Exercise prompt
Return each entry word for word and skip its pictures.
====
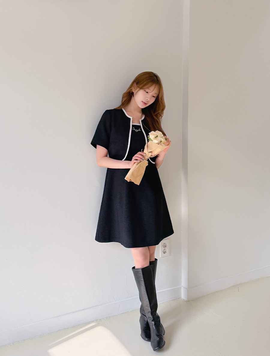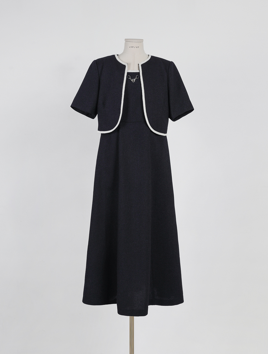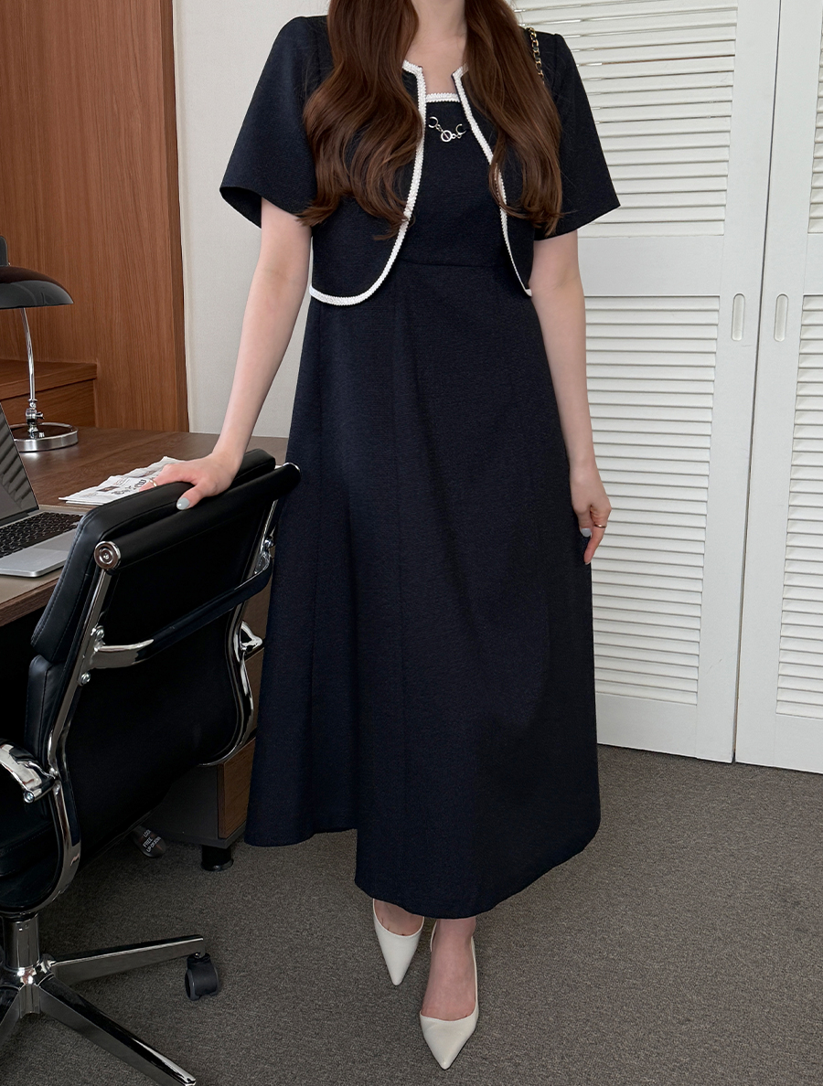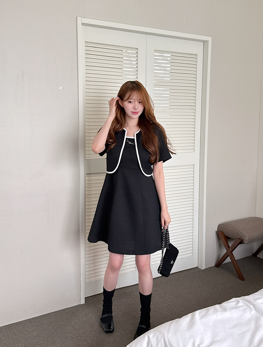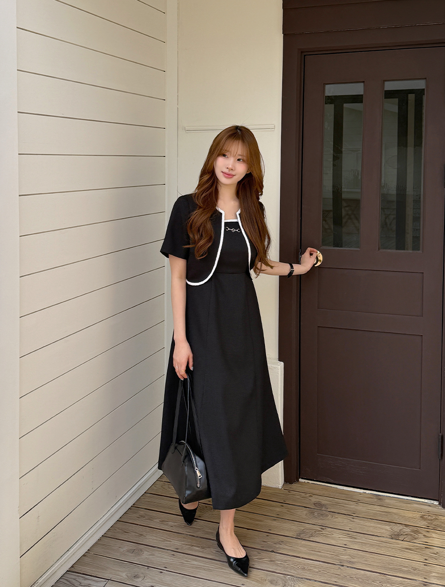 원피스에 자켓을 걸친 듯한 디자인인데요.
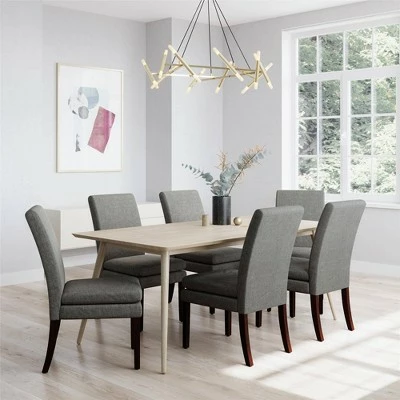 A kitchen and dining room area can’t be complete without the perfect seating for you to create memories with your friends and family. Introducing the Room & Joy Cale Upholstered Dining Chair; the simple contemporary design that will add comfort and a touch of classic charm to your home. Upholstered in a soft linen upholstery, the Cale’s construction also includes a high backrest, a pillowtop seat cushion and solid wood legs that help provide it with long lasting durability. Sold as a set of two. Complete the look by adding the Room & Joy Cale Upholstered Counter Stool to your dining room!
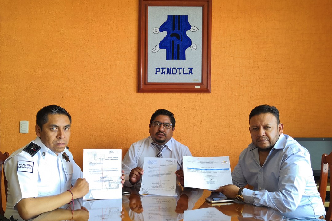 El presidente municipal acompañado por Anastacio Carro Córdoba regidor de seguridad y por Óscar Grande Sánchez Comisario de Seguridad Pública y Vialidad Municipal de Panotla, mostraron la documentación comprobatoria del acta administrativa levantada, así como la baja efectuada al entonces elemento de seguridad.
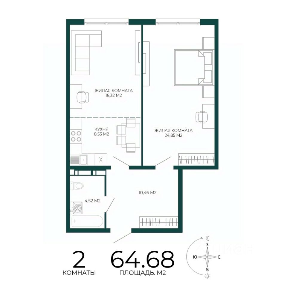 Продаётся 2-комнатная квартира в строящемся доме (2 этап (1 строение)), срок сдачи: III-кв. 2027, общей площадью 64.68 кв.м., на 9 этаже. Новый жилой комплекс "Чаадаев" от застройщика "Территория Жизни" расположен по адресу Россия, Пенза, улица Чаадаева, 60Б/2.
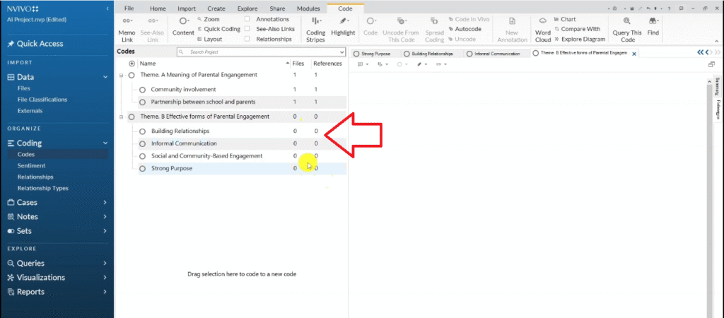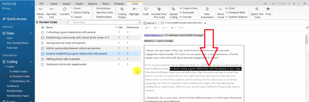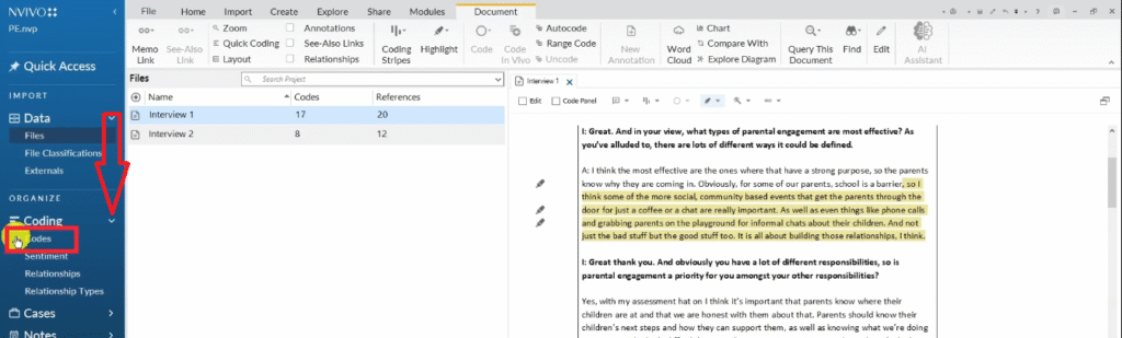 So if you go to the code section in N-Vivo, click on the arrow pointing to the right.
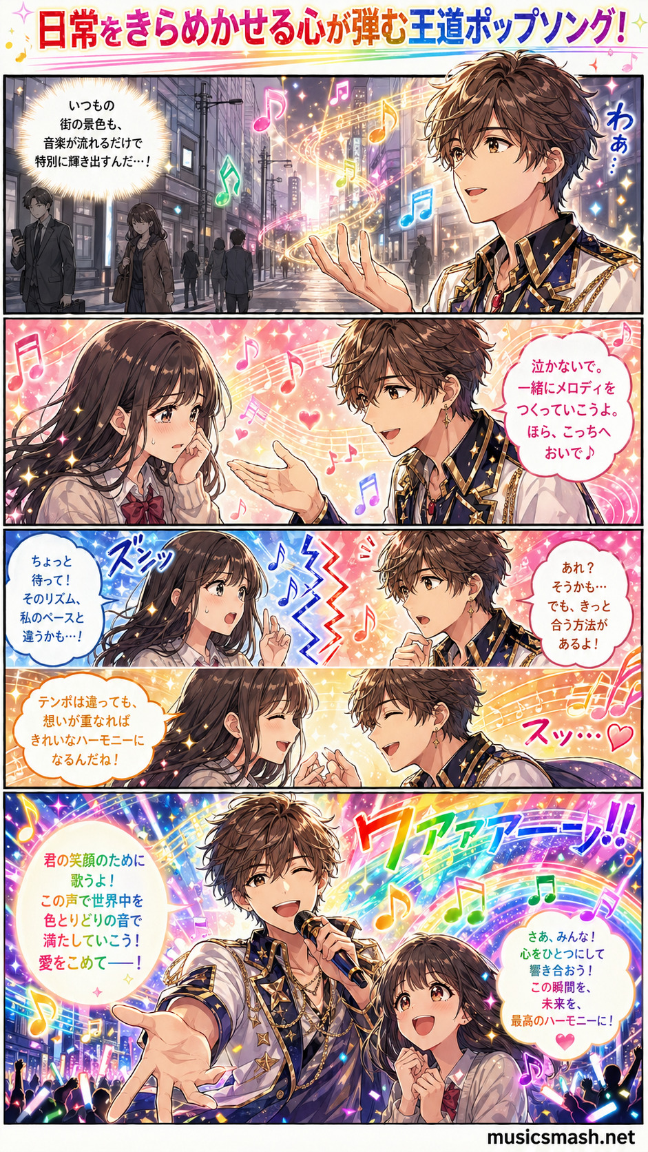 歌声は甘くやわらかいだけでなく、要所で芯の強さも感じられます。メロディは耳に残りやすく、サビに向かって自然に気持ちが上がっていく流れも魅力です。難しく構えずに楽しめる明るさがありながら、細かな音の重なりやテンポの良さからは、丁寧に作り込まれた作品であることも伝わってきます。MVでは、音楽が持つ楽しさや非日常感がカラフルに表現されており、見ているだけで心が弾みます。まるでステージの幕が開き、聴き手も一緒に魔法の世界へ招かれるような雰囲気があります。
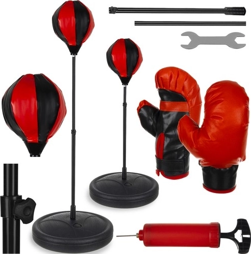Pakken indeholder også en pumpe med nål for nem oppustning af både boksebolden og bolde til andre sportsgrene. Det overordnede design af sættet i rød-sorte farver giver legetøjet et stilfuldt udtryk, der vil imponere enhver lille atlet.
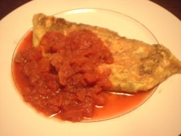 オムレツに添えたトマトソースは、カットトマト缶のトマトを容器に移してレンジで加熱し、軽く塩コショウしただけ。
====
Finished task
 원피스에 자켓을 걸친 듯한 디자인인데요.
 A kitchen and dining room area can’t be complete without the perfect seating for you to create memories with your friends and family. Introducing the Room & Joy Cale Upholstered Dining Chair; the simple contemporary design that will add comfort and a touch of classic charm to your home. Upholstered in a soft linen upholstery, the Cale’s construction also includes a high backrest, a pillowtop seat cushion and solid wood legs that help provide it with long lasting durability. Sold as a set of two. Complete the look by adding the Room & Joy Cale Upholstered Counter Stool to your dining room!
 El presidente municipal acompañado por Anastacio Carro Córdoba regidor de seguridad y por Óscar Grande Sánchez Comisario de Seguridad Pública y Vialidad Municipal de Panotla, mostraron la documentación comprobatoria del acta administrativa levantada, así como la baja efectuada al entonces elemento de seguridad.
 Продаётся 2-комнатная квартира в строящемся доме (2 этап (1 строение)), срок сдачи: III-кв. 2027, общей площадью 64.68 кв.м., на 9 этаже. Новый жилой комплекс "Чаадаев" от застройщика "Территория Жизни" расположен по адресу Россия, Пенза, улица Чаадаева, 60Б/2.
 So if you go to the code section in N-Vivo, click on the arrow pointing to the right.
 歌声は甘くやわらかいだけでなく、要所で芯の強さも感じられます。メロディは耳に残りやすく、サビに向かって自然に気持ちが上がっていく流れも魅力です。難しく構えずに楽しめる明るさがありながら、細かな音の重なりやテンポの良さからは、丁寧に作り込まれた作品であることも伝わってきます。MVでは、音楽が持つ楽しさや非日常感がカラフルに表現されており、見ているだけで心が弾みます。まるでステージの幕が開き、聴き手も一緒に魔法の世界へ招かれるような雰囲気があります。
Pakken indeholder også en pumpe med nål for nem oppustning af både boksebolden og bolde til andre sportsgrene. Det overordnede design af sættet i rød-sorte farver giver legetøjet et stilfuldt udtryk, der vil imponere enhver lille atlet.
 オムレツに添えたトマトソースは、カットトマト缶のトマトを容器に移してレンジで加熱し、軽く塩コショウしただけ。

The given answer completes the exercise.